[Source information Boundary: Start]

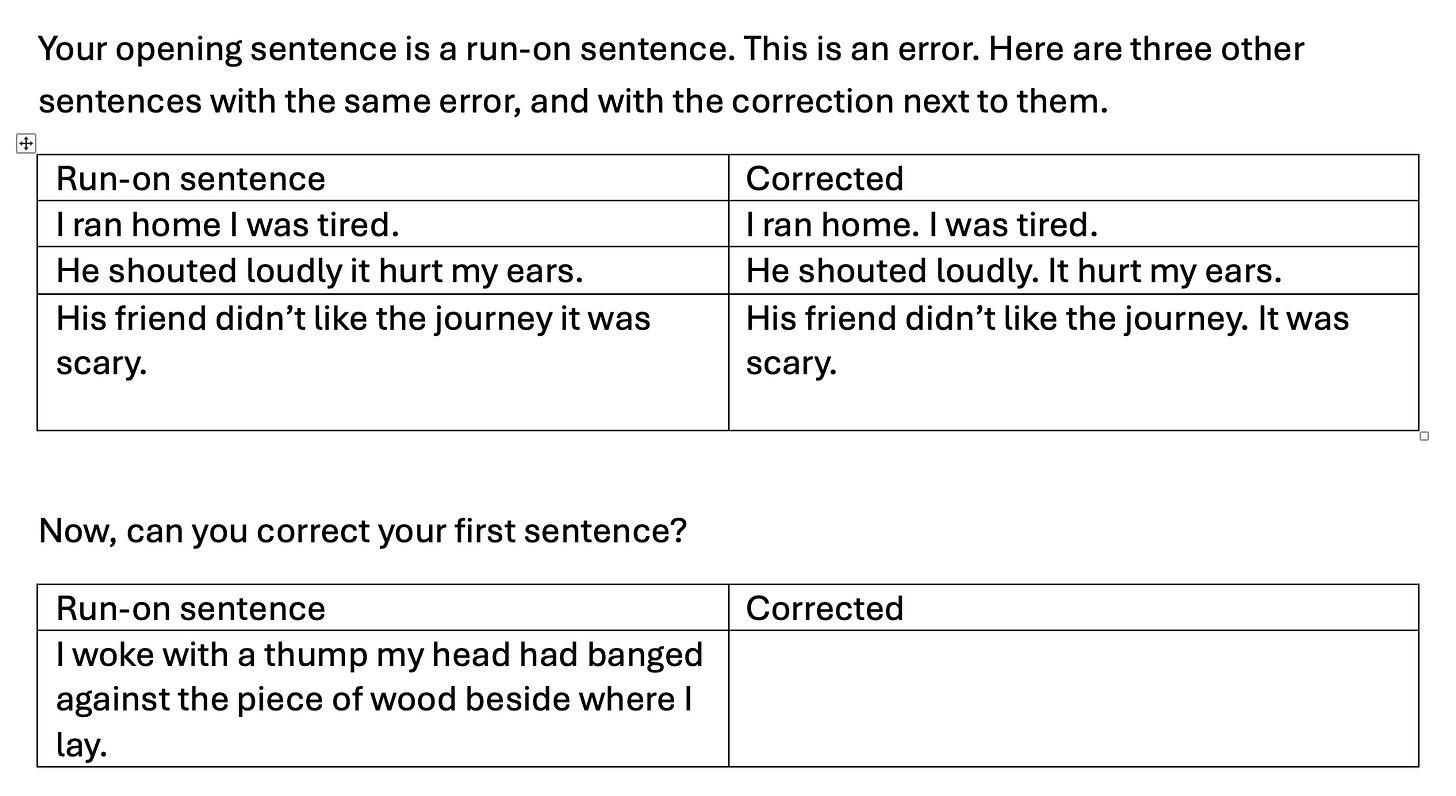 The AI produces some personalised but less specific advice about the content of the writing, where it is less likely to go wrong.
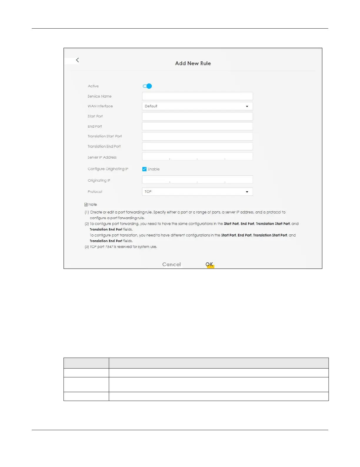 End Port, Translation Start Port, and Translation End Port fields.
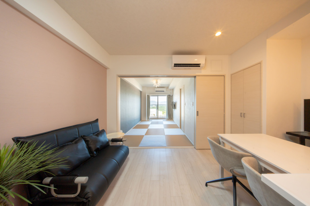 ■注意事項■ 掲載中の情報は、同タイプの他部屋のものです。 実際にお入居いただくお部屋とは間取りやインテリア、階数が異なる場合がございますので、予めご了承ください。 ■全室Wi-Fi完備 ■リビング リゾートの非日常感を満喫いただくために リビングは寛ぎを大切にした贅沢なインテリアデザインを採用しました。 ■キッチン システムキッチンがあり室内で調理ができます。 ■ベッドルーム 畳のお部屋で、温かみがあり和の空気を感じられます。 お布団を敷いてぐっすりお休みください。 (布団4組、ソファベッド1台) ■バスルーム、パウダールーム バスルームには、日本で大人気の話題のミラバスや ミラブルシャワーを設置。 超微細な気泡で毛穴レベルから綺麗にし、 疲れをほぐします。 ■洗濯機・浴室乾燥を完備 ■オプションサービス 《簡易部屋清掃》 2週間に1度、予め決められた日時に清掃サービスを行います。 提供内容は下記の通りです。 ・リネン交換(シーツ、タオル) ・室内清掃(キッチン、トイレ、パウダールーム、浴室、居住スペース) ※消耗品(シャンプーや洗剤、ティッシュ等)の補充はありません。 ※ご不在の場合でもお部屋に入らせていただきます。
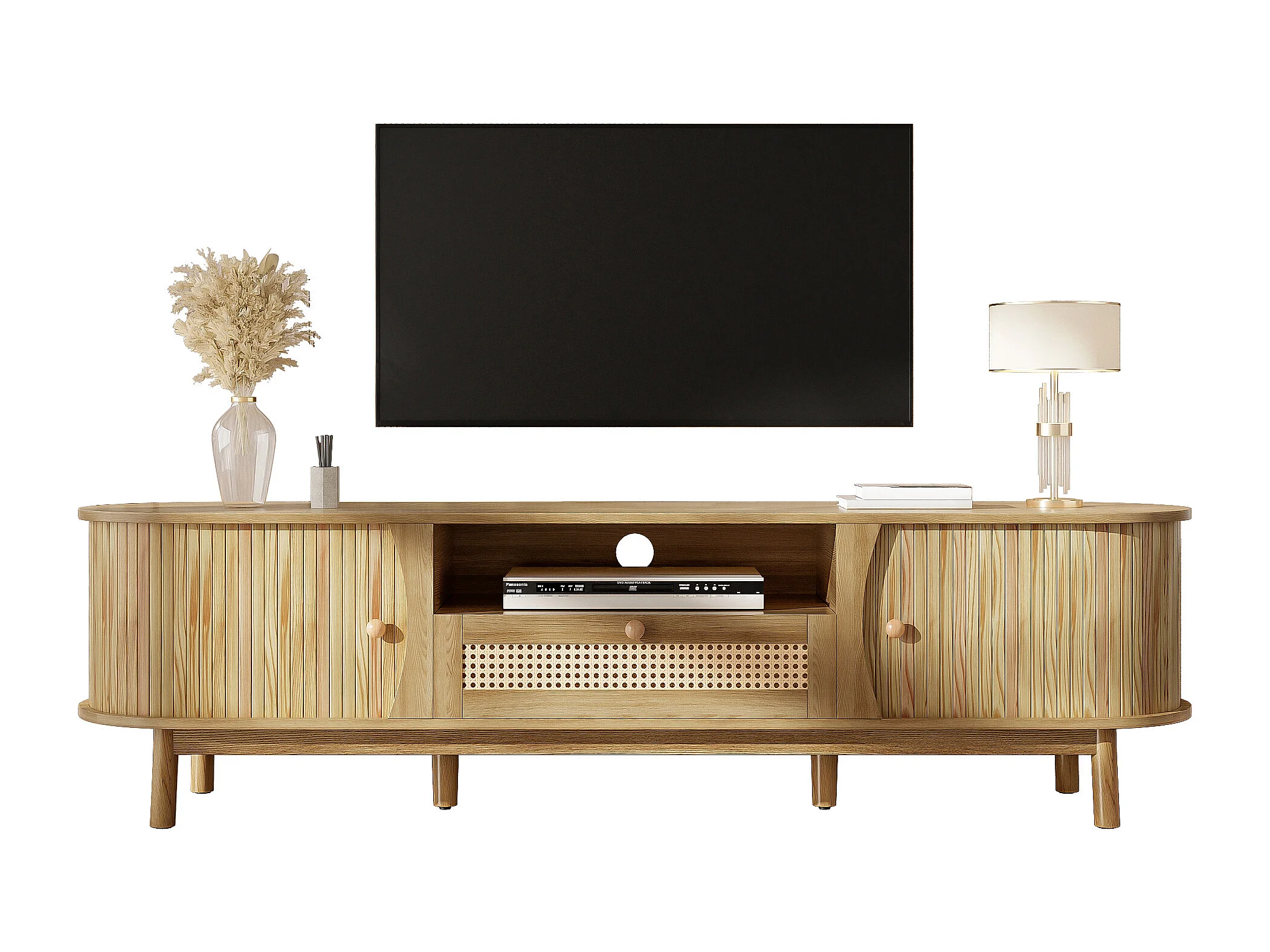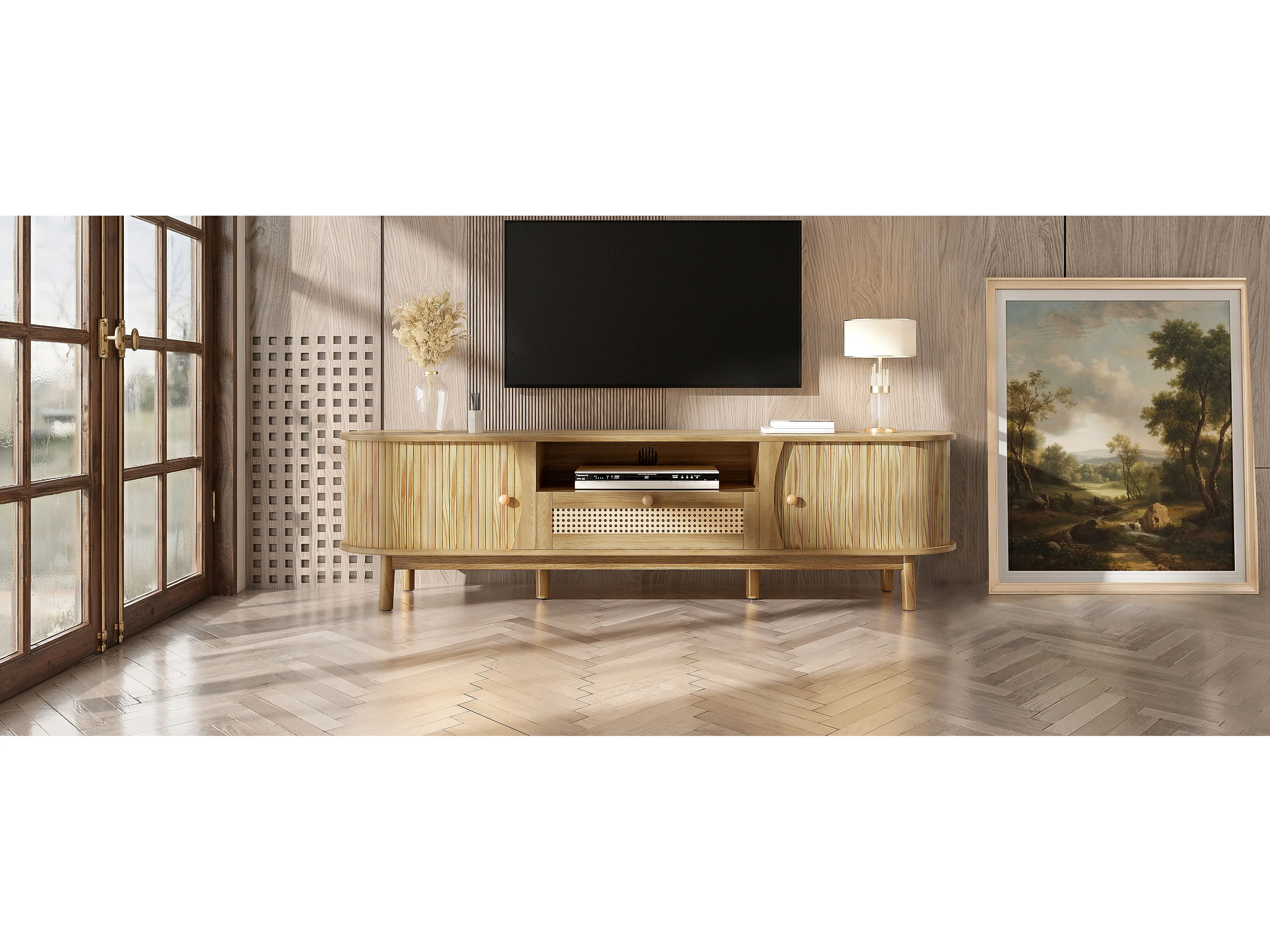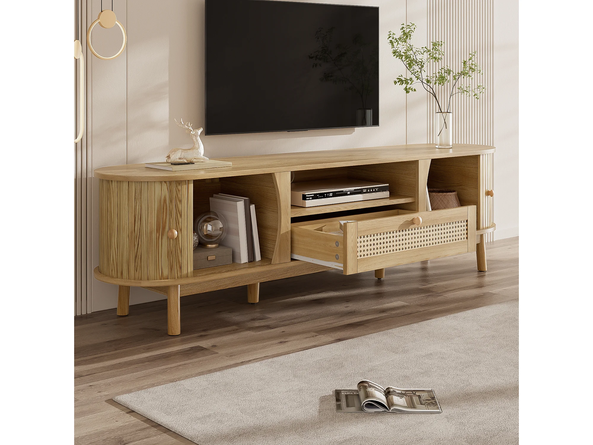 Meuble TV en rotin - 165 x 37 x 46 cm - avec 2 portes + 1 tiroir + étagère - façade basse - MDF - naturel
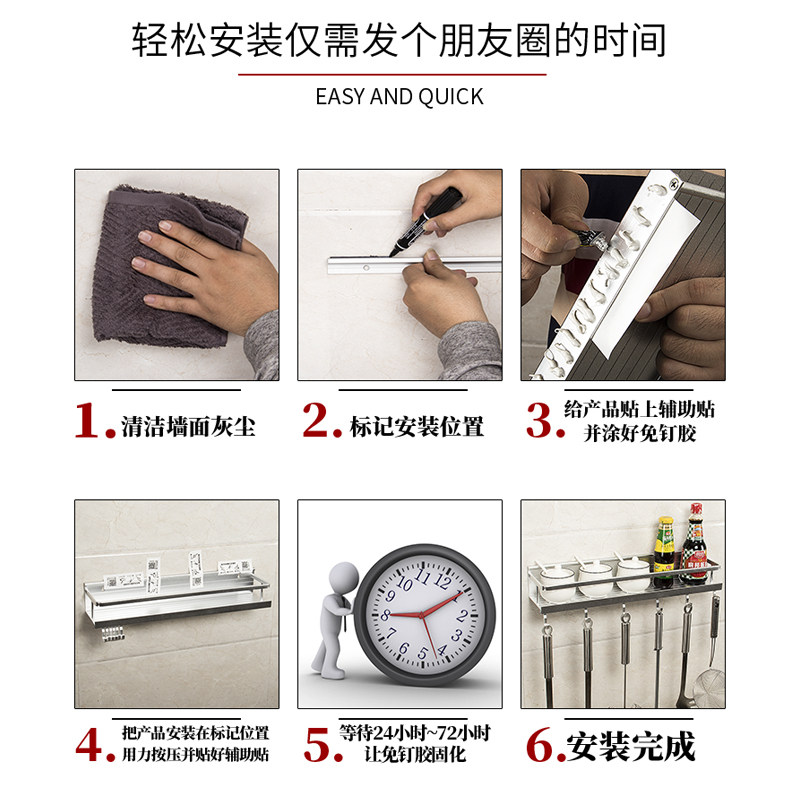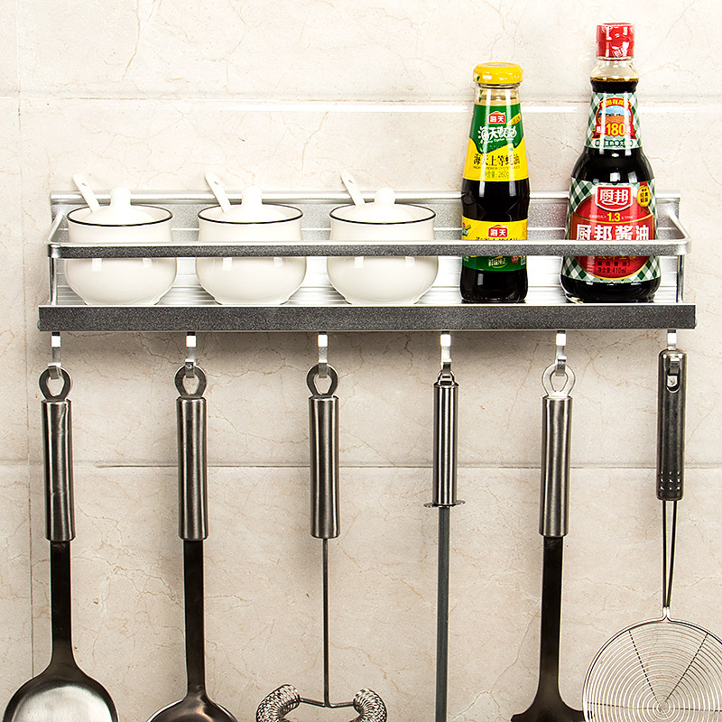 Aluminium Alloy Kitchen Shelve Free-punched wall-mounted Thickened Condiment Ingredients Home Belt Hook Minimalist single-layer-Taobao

[Source information Boundary: End]

**Exercise aim**
Omit the pictures, then give all the lines above again exactly.

**Written answer**
 The AI produces some personalised but less specific advice about the content of the writing, where it is less likely to go wrong.
 End Port, Translation Start Port, and Translation End Port fields.
 ■注意事項■ 掲載中の情報は、同タイプの他部屋のものです。 実際にお入居いただくお部屋とは間取りやインテリア、階数が異なる場合がございますので、予めご了承ください。 ■全室Wi-Fi完備 ■リビング リゾートの非日常感を満喫いただくために リビングは寛ぎを大切にした贅沢なインテリアデザインを採用しました。 ■キッチン システムキッチンがあり室内で調理ができます。 ■ベッドルーム 畳のお部屋で、温かみがあり和の空気を感じられます。 お布団を敷いてぐっすりお休みください。 (布団4組、ソファベッド1台) ■バスルーム、パウダールーム バスルームには、日本で大人気の話題のミラバスや ミラブルシャワーを設置。 超微細な気泡で毛穴レベルから綺麗にし、 疲れをほぐします。 ■洗濯機・浴室乾燥を完備 ■オプションサービス 《簡易部屋清掃》 2週間に1度、予め決められた日時に清掃サービスを行います。 提供内容は下記の通りです。 ・リネン交換(シーツ、タオル) ・室内清掃(キッチン、トイレ、パウダールーム、浴室、居住スペース) ※消耗品(シャンプーや洗剤、ティッシュ等)の補充はありません。 ※ご不在の場合でもお部屋に入らせていただきます。
 Meuble TV en rotin - 165 x 37 x 46 cm - avec 2 portes + 1 tiroir + étagère - façade basse - MDF - naturel
 Aluminium Alloy Kitchen Shelve Free-punched wall-mounted Thickened Condiment Ingredients Home Belt Hook Minimalist single-layer-Taobao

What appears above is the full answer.